How can I convert Perl one-liners into complete scripts?

I find a lot of Perl one-liners online. Sometimes I want to convert these one-liners into a script, because otherwise I'll forget the syntax of the one-liner.
For example, I'm using the following command (from nagios.com):
tail -f /var/log/nagios/nagios.log | perl -pe 's/(\d+)/localtime($1)/e'
I'd to replace it with something like this:
tail -f /var/log/nagios/nagios.log | ~/bin/nagiostime.pl
However, I can't figure out the best way to quickly throw this stuff into a script. Does anyone have a quick way to throw these one-liners into a Bash or Perl script?

You can convert any Perl one-liner into a full script by passing it through the B::Deparse compiler backend that generates Perl source code:
perl -MO=Deparse -pe 's/(\d+)/localtime($1)/e'
outputs:
LINE: while (defined($_ = <ARGV>)) {
s/(\d+)/localtime($1);/e;
}
continue {
print $_;
}
The advantage of this approach over decoding the command line flags manually is that this is exactly the way Perl interprets your script, so there is no guesswork. B::Deparse is a core module, so there is nothing to install.

Take a look at perlrun:
-p
causes Perl to assume the following loop around your program, which makes it iterate over filename arguments somewhat like sed:
LINE:
while (<>) {
... # your program goes here
} continue {
print or die "-p destination: $!\n";
}
If a file named by an argument cannot be opened for some reason, Perl warns you about it, and moves on to the next file. Note that the lines are printed automatically. An error occurring during printing is treated as fatal. To suppress printing use the -n switch. A -p overrides a -n switch.
BEGIN and END blocks may be used to capture control before or after the implicit loop, just as in awk.
So, simply take this chunk of code, insertyour code at the "# your program goes here" line, and viola, your script is ready!
Thus, it would be:
#!/usr/bin/perl -w
use strict; # or use 5.012 if you've got newer perls
while (<>) {
s/(\d+)/localtime($1)/e
} continue {
print or die "-p destination: $!\n";
}

That one's really easy to store in a script!
#! /usr/bin/perl -p
s/(\d+)/localtime($1)/e
The -e option introduces Perl code to be executed—which you might think of as a script on the command line—so drop it and stick the code in the body.
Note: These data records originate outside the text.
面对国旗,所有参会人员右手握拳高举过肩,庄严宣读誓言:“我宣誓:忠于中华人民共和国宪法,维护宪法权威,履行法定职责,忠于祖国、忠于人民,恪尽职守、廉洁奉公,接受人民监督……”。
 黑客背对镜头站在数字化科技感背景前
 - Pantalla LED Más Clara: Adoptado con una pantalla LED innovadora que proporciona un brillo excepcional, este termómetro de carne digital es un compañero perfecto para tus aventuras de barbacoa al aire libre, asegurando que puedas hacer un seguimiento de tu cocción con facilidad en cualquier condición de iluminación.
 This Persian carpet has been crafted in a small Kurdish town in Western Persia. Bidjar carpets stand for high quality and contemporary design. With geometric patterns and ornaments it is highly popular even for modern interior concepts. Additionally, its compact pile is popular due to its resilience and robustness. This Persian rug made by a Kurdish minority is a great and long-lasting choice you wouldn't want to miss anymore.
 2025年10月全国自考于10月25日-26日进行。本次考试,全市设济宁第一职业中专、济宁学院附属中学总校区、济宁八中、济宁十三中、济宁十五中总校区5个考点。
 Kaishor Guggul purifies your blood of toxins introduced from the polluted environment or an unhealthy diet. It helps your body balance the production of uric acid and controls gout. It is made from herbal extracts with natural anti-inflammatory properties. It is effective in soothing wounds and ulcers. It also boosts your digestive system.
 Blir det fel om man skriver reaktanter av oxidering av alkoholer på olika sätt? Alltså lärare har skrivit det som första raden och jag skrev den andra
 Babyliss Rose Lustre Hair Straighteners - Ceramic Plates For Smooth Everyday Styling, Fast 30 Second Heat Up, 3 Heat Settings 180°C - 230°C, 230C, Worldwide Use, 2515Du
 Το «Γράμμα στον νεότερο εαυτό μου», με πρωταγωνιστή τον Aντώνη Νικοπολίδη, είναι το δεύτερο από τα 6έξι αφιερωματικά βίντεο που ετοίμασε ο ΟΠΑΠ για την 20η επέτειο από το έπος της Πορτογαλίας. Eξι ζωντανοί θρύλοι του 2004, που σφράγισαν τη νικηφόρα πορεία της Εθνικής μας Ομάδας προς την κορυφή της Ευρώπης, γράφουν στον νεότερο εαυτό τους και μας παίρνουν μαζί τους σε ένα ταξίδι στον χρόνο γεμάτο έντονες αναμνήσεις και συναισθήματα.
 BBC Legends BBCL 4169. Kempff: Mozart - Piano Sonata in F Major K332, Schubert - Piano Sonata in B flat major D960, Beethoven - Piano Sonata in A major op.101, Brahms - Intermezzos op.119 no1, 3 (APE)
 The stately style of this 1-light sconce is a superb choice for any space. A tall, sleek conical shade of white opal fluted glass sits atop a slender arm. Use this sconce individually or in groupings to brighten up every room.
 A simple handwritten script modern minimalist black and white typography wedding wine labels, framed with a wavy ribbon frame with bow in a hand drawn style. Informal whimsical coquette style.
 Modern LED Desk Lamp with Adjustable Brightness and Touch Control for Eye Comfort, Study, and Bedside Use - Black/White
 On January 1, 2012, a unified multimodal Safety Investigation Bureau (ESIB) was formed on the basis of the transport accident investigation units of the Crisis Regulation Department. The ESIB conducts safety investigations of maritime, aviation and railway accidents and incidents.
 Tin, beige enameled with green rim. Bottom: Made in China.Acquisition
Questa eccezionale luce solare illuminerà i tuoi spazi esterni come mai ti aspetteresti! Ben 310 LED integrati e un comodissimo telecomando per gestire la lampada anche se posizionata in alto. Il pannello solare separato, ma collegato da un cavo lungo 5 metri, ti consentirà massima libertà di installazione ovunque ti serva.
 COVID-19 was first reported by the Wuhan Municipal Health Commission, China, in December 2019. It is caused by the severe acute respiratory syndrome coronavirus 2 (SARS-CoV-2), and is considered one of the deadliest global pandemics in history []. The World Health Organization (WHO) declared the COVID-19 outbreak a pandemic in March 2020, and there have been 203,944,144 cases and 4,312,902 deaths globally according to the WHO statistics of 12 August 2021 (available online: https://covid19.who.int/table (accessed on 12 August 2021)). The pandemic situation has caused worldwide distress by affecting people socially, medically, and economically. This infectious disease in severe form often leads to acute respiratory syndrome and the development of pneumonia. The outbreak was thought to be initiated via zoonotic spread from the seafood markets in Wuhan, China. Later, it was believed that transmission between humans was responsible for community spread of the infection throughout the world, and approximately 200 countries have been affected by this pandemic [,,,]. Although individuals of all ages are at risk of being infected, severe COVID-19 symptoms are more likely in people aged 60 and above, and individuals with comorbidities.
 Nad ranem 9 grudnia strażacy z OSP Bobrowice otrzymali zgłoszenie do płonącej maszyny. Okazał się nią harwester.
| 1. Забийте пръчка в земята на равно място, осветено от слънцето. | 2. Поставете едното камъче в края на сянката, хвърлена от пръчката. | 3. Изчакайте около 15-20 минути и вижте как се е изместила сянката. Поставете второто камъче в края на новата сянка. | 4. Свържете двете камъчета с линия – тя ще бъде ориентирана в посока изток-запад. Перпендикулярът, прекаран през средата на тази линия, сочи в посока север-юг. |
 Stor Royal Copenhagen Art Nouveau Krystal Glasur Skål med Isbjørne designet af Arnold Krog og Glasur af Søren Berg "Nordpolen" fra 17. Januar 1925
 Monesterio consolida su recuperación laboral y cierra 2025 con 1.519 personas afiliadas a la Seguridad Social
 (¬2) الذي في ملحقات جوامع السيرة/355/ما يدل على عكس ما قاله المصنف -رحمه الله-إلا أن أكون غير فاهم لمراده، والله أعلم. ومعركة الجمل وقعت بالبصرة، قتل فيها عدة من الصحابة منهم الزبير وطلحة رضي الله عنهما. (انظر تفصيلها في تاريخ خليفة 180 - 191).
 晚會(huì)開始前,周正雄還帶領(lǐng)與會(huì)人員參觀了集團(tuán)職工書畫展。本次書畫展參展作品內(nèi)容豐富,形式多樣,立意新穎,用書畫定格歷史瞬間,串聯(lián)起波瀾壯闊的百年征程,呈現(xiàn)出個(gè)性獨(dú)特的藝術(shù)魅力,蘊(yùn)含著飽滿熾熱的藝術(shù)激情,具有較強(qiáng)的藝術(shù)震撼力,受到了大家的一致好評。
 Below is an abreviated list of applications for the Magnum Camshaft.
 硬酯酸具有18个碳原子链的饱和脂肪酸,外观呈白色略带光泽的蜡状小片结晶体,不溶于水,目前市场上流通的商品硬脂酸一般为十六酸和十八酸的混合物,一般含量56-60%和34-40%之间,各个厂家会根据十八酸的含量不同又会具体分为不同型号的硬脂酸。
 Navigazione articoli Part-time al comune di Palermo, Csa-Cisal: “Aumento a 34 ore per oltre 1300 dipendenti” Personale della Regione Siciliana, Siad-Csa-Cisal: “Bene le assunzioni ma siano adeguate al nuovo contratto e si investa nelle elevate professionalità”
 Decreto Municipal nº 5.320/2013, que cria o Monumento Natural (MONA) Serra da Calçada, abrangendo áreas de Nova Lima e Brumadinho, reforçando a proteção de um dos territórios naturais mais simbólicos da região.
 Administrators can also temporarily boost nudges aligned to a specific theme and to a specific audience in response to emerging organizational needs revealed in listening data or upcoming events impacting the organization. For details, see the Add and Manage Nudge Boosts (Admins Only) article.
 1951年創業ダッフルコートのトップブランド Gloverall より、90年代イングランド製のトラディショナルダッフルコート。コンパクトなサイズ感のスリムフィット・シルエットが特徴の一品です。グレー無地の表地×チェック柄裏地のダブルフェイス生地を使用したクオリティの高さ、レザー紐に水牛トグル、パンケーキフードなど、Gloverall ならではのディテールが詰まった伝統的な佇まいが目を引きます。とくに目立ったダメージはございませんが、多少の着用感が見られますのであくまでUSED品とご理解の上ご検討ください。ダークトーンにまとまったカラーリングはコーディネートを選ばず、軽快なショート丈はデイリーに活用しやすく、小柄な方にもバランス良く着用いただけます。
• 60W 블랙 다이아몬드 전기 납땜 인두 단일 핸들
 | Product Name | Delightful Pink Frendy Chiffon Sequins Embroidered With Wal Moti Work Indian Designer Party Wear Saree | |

Leave -p in the shebang (#!) line.
In general, it's safest to stick to at most one "clump" of options in the shebang line. If you need more, you could always throw their equivalents inside a BEGIN {} block.
Don't forget chmod +x ~/bin/nagiostime.pl
You could get a little fancier and embed the tail part too:
#! /usr/bin/perl -p
BEGIN {
die "Usage: $0 [ nagios-log ]\n" if #ARGV > 1;
my $log = #ARGV ? shift : "/var/log/nagios/nagios.log";
#ARGV = ("tail -f '$log' |");
}
s/(\d+)/localtime($1)/e
This works because the code written for you by -p uses Perl's "magic" (2-argument) open that processes pipes specially.
With no arguments, it transforms nagios.log, but you can also specify a different log file, e.g.,
$ ~/bin/nagiostime.pl /tmp/other-nagios.log

Robert has the "real" answer above, but it's not very practical. The -p switch does a bit of magic, and other options have even more magic (e.g. check out the logic behind the -i flag). In practice, I'd simply just make a bash alias/function to wrap around the oneliner, rather than convert it to a script.
Alternatively, here's your oneliner as a script: :)
#!/usr/bin/bash
# takes any number of arguments: the filenames to pipe to the perl filter
tail -f $# | perl -pe 's/(\d+)/localtime($1)/e'

There are some good answers here if you want to keep the one-liner-turned-script around and possibly even expand upon it, but the simplest thing that could possibly work is just:
#!/usr/bin/perl -p
s/(\d+)/localtime($1)/e
Perl will recognize parameters on the hashbang line of the script, so instead of writing out the loop in full, you can just continue to do the implicit loop with -p.
But writing the loop explicitly and using -w and "use strict;" are good if plan to use it as a starting point for writing a longer script.

#!/usr/bin/env perl
while(<>) {
s/(\d+)/localtime($1)/e;
print;
}
The while loop and the print is what -p does automatically for you.